How is a vision-language model trained? Building on the LLaVA recipe, training typically happens in STAGES, reusing the pretraining and SFT ideas from earlier in the book. The staged approach is efficient because it leverages the already-trained components and only learns what is genuinely new.

Stage 1: Alignment (Train the Projector)

The first stage trains ONLY the projection layer, with both the vision encoder and the LLM FROZEN. Using image-caption pairs, the projector learns to map image features into the LLM's space such that the LLM can describe the image. Since only the small projector trains, this stage is cheap. Its goal is purely to teach the bridge — to align the image tokens with the LLM's expectations.

Stage 2: Instruction Tuning (Visual SFT)

The second stage is SFT (Chapter 22) on multi-modal INSTRUCTION data — examples of images paired with questions and good answers ('What is in this image?' → a helpful description; 'Read the text in this sign' → the text). Here the projector AND usually the LLM are trained (the vision encoder often stays frozen). This teaches the model to FOLLOW INSTRUCTIONS about images — to be a helpful visual assistant, not just a captioner.

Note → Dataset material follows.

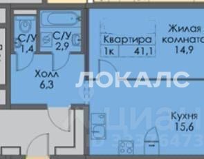 2-к кв. Москва Сигнальный проезд, 16/1 (42.0 м²)

Pipeline Flow: Staged training of a vision-language model

1	Pretrained parts	Start from a pretrained CLIP encoder + a pretrained LLM
2	Stage 1: align	Train ONLY the projector on image-caption pairs (cheap)
3	Stage 2: visual SFT	Instruction-tune on image+question+answer data
4	(Optional) preference	RLHF/DPO on visual responses for helpfulness

✧

MM Note: Reusing Everything We Built

Notice how multi-modal training reuses the entire book: a pretrained LLM (Part IV), the SFT recipe (Chapter 22), and even preference optimization (Chapters 23–24) applied to visual responses. The genuinely new parts are small — the projector and the multi-modal data. This is why capable vision-language models could be built so quickly after strong LLMs existed: most of the ingredients were already on the shelf.

The staged approach also reflects good engineering: train the cheap new bridge first (Stage 1), then do the more expensive instruction tuning (Stage 2). Freezing the expensive, already-good components (vision encoder, often the LLM) keeps training affordable and avoids damaging their pretrained abilities.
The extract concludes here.